Elles sont conservées par l'entreprise pendant cinq ans au moins à partir de la fin de la semaine concernée. "
La Société Taxis de la Tour a été défaillante dans le respect de ses obligations en matière de contrôle de la durée du travail de Madame X... ainsi que de la nature des jours travaillés.
Au vu des pièces produites par Madame X..., elle peut prétendre au paiement des sommes suivantes, pour la période du 1er octobre 2003 au 21 octobre 2005 :
Dimanches travaillés et non rémunérés :
2004 :
8 dimanches = 12 heures x 8, 450 € = 101, 40 € x 8 = 811, 20 €
+ 8 x 18 € (majoration art. 12-6 accord- cadre) = 144, 00 €
955, 20 €
2005 :
5 dimanches = 12 heures x 8, 8 € = 105, 60 x 5 = 528, 00 €
+ 5 x 18 € = 90, 00 €
618, 00 €
955, 20 € + 618 € = 1. 573, 20 €
Congés payés afférents 157, 32 €
1. 730, 52 €
Jours fériés travaillés et non rémunérés :
2004 :
3 jours = 8 heures x 8, 45 € = 67, 60 x 3 = 202, 80 €
outre 20, 28 € au titre des congés payés afférents
Heures supplémentaires :
2004 :
4. 454, 02 €-1. 548, 50 € = 2. 905, 52 €
outre 290, 55 € au titre des congés payés afférents
2005 :
2. 900, 36 €-1. 463, 00 € = 1. 437, 36 €
outre 143, 73 € au titre des congés payés afférents
Jours de " récupération " :
Cette demande paraît en réalité concerner les " repos compensateurs " et viser le fait que le paiement d'heures supplémentaires ou de jours fériés aurait été remplacé par des jours de repos.
Toutefois l'article 10-3 de l'accord- cadre du 4 mai 2000 dispose que, conformément à l'article L. 212-5 du Code du Travail, le paiement de tout ou partie des heures supplémentaires peut être remplacé par un repos compensateur.

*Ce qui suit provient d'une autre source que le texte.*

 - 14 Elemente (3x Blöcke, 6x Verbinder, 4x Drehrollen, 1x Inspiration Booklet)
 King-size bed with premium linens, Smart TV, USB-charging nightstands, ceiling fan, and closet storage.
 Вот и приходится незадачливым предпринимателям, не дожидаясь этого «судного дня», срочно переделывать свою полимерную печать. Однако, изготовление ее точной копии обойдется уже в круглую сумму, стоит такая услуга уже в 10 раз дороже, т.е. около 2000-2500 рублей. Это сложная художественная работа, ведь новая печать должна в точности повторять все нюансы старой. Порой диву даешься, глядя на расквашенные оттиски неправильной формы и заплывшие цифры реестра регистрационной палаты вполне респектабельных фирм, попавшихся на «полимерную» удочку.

Cette demande doit être rejetée.
Indemnités de repas :
Cette demande ne peut être prise en considération qu'à partir du moment où Madame X... a travaillé à plein temps.

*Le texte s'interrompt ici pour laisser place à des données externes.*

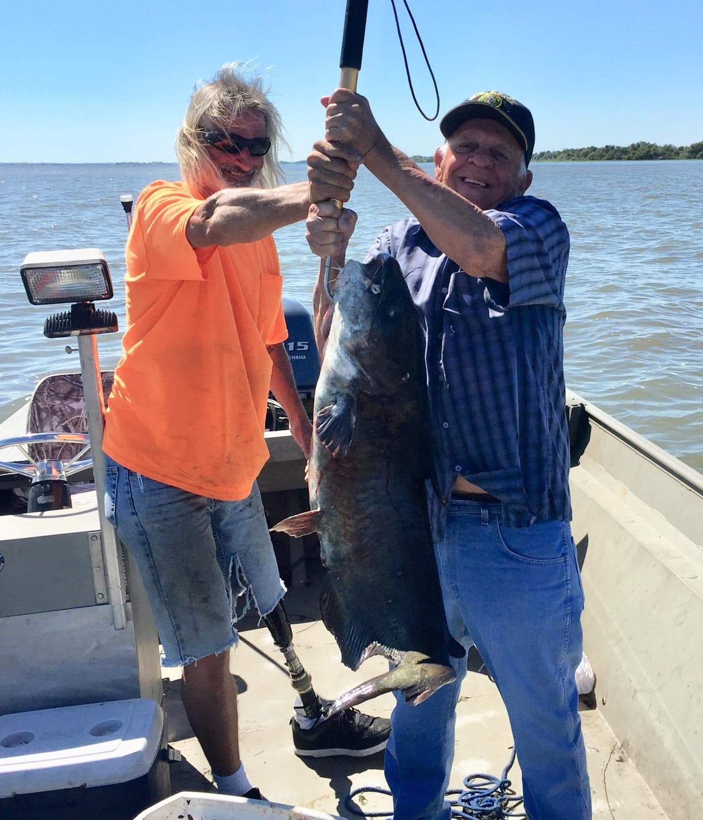 Randy “Peg” Vernor (left) with Lawrence Olinde, holding a big catfish caught in Lake Cataouatche in appreciation of Veteran’s Day.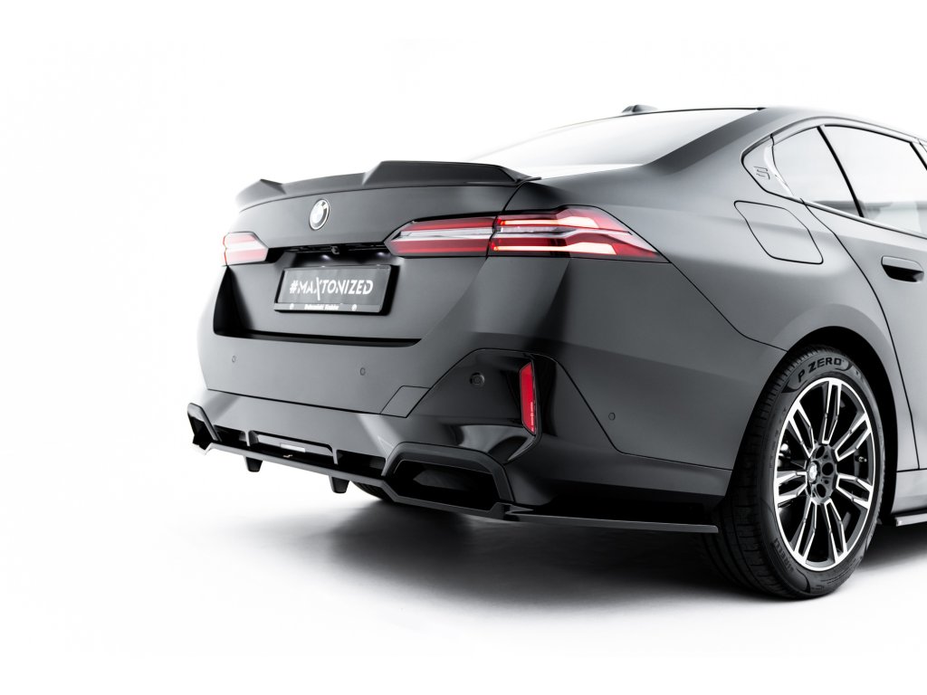 Maxton Design středový spoiler pod zadní nárazník s žebrováním v.2 pro vozidlo BMW řada 5 G60 M-Pack . Povrchová úprava spoileru černý lesklý plast ABS.

Compte tenu des justificatifs produits par la Société intimée, il est dû à Madame X... la somme de 40 x 10, 50 € = 420 € outre 42 € à titre des congés payés afférents.
Frais de formation :
La demande de l'appelante vise les frais de déplacement, non la formation elle- même qui a été prise en charge par son employeur qui a maintenu le versement de son salaire.
L'appelante ne précise pas sur quel fondement repose sa demande.
La demande sera rejetée.
La production de feuilles de route :
Cette demande est légitime. La Société Taxis de la Tour sera condamnée à produire à Madame X..., sous astreinte de 50 € par jour de retard passé le délai de 15 jours à compter de la notification de l'arrêt, l'ensemble des feuilles de route depuis le 4 janvier 2001.

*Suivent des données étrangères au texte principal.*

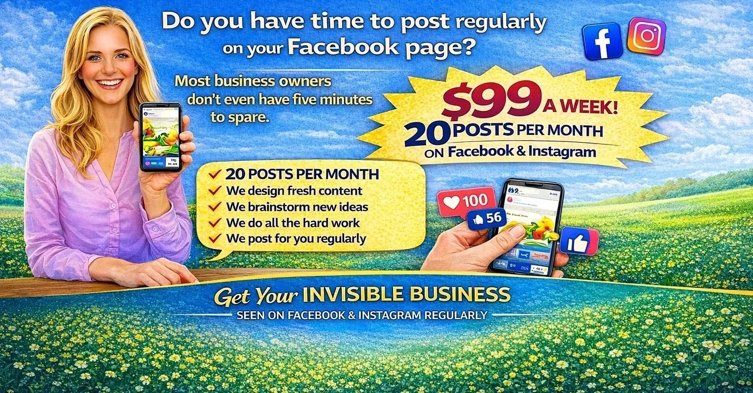 Many small businesses simply don’t have time to post regularly on social media. When pages go quiet, customers stop noticing. Our mission is to keep your business visible with fresh content posted almost daily — not just occasionally. More consistent posts mean more visibility, stronger brand recognition, and more potential customers discovering your business. 🚀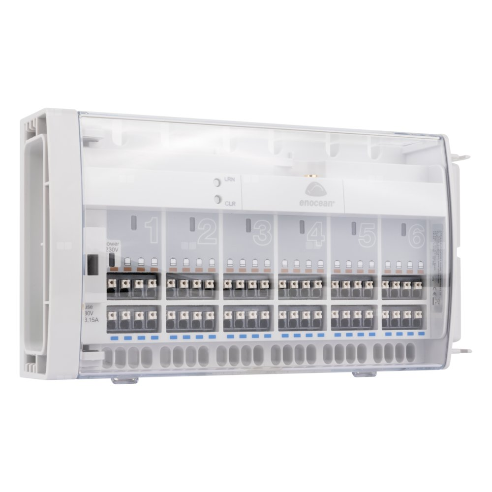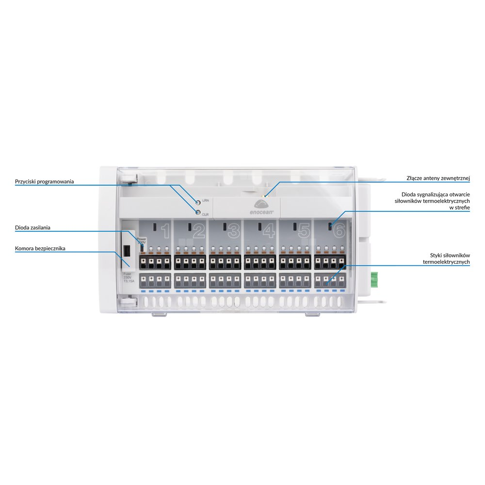 Pozwala sparować do 6 termostatów bezprzewodowych R FT / R FTF i podłączyć do 24 siłowników termoelektrycznych (np. TSA 01).

L'équité commande la condamnation de la Société Taxis de la Tour à payer à Madame X... 1. 500 € en application de l'article 700 du Code de Procédure Civile.
PAR CES MOTIFS
LA COUR,
Statuant publiquement, contradictoirement, après en avoir délibéré conformément à la loi,
Infirme le jugement
Statuant à nouveau
Condamne la Société Taxis de la Tour à payer à Madame X... :
-1. 573, 20 euros au titre des dimanches travaillés
-157, 32 euros au titre des congés payés afférents
-202, 80 euros au titre des jours fériés travaillés
-20, 28 euros au titre des congés payés afférents
-4. 342, 88 euros au titre des heures supplémentaires
-434, 29 euros au titre des congés payés afférents
-420, 00 euros au titre des repas
-42, 00 euros au titre des congés payés afférents
-1. 500, 00 euros au titre de l'article 700 du Code de Procédure Civile.
Ordonne à la Société Taxis de la Tour de remettre à Madame X..., sous astreinte de 50 euros par jour de retard, passé le délai de 15 jours à compter de la notification de l'arrêt, les feuilles de route depuis le janvier 2001.
Condamne la Société Taxis de la Tour aux dépens de premier ressort et d'appel.
Prononcé publiquement par mise à disposition de l'arrêt au greffe de la Cour, les parties ayant été préalablement avisées dans les conditions prévues au deuxième alinéa de l'article 450 du nouveau code de procédure civile.
Signé par Monsieur GALLICE, président, et par Madame LEICKNER, greffier, auquel la minute de la décision a été remise par le magistrat signataire.